- [Work to complete] Copy out the data from the line containing "手机百度CarLife是一个" to its last line, exactly. No pictures.

Dataset records:
+++++

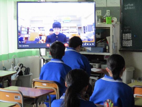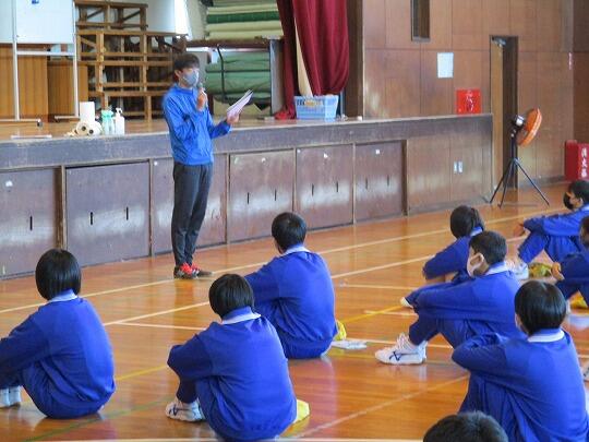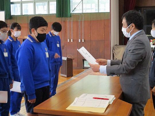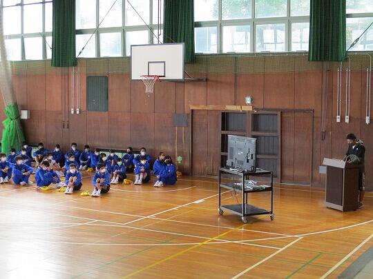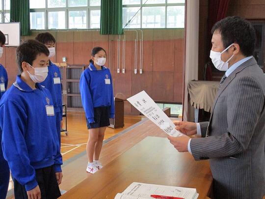 本日、表彰朝会を行いました。体育館で表彰をしている様子をリモートで各教室に映像を送る形で行いました。
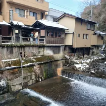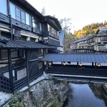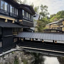Very nice traditional onsen ryokan in the centre of Kurokawa onsen with river in front of rooms.
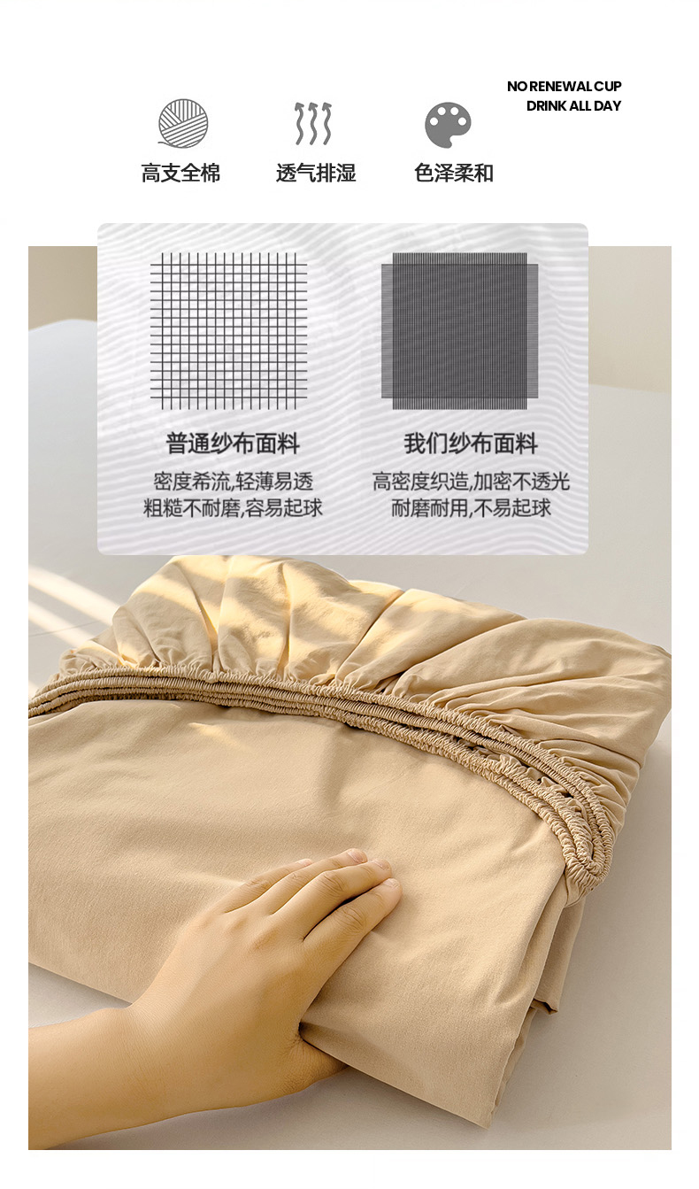 卡普二店 2024新款A类纯棉水洗棉单床笠浅咖
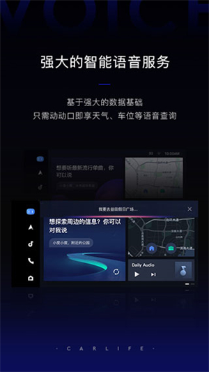 手机百度CarLife是一个专为车主打造的车载系统,用户通过它可以直接连接自己的车机设备进行使用操作,同时还可以查看车辆信息、导航路线和电话等。该软件支持多种语音交互功能来帮助用户轻松完成各种任务与设置;同时在驾驶过程中提供智能导航服务以及安全出行提示等等!
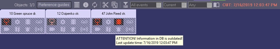 - On the Server Of Control, all objects will be covered with diagonal lines. When you hover over such an object, a contextual prompt will appear: ATTENTION! Information in DB is outdated! Last update time: <Date and Time of the last upload to the database>. The CUT will flash red (see Current Update Time).
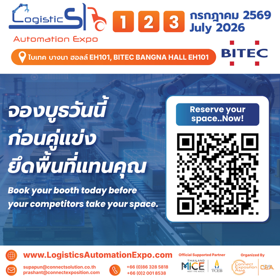 ร่วมเป็นส่วนหนึ่งในการนำเสนอโซลูชันของคุณ เพื่อก้าวนำตลาด Logistics Automation ก่อนใคร จองบูธวันนี้ ก่อนคู่แข่งยึดพื้นที่แทนคุณ
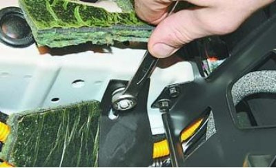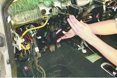 8. Отверните две гайки нижнего крепления кронштейна педального узла к щиту передка...
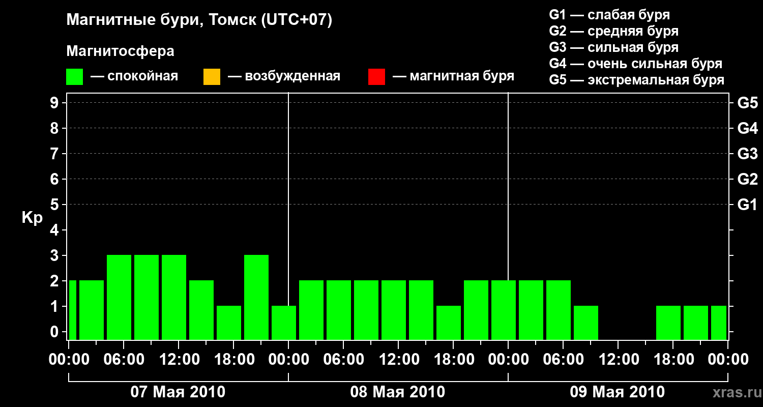 Изменения геомагнитного индекса Kp с 7 по 9 мая 2010 года для средних широт

+++++

- [Written answer]
 手机百度CarLife是一个专为车主打造的车载系统,用户通过它可以直接连接自己的车机设备进行使用操作,同时还可以查看车辆信息、导航路线和电话等。该软件支持多种语音交互功能来帮助用户轻松完成各种任务与设置;同时在驾驶过程中提供智能导航服务以及安全出行提示等等!
 - On the Server Of Control, all objects will be covered with diagonal lines. When you hover over such an object, a contextual prompt will appear: ATTENTION! Information in DB is outdated! Last update time: <Date and Time of the last upload to the database>. The CUT will flash red (see Current Update Time).
 ร่วมเป็นส่วนหนึ่งในการนำเสนอโซลูชันของคุณ เพื่อก้าวนำตลาด Logistics Automation ก่อนใคร จองบูธวันนี้ ก่อนคู่แข่งยึดพื้นที่แทนคุณ
 8. Отверните две гайки нижнего крепления кронштейна педального узла к щиту передка...
 Изменения геомагнитного индекса Kp с 7 по 9 мая 2010 года для средних широт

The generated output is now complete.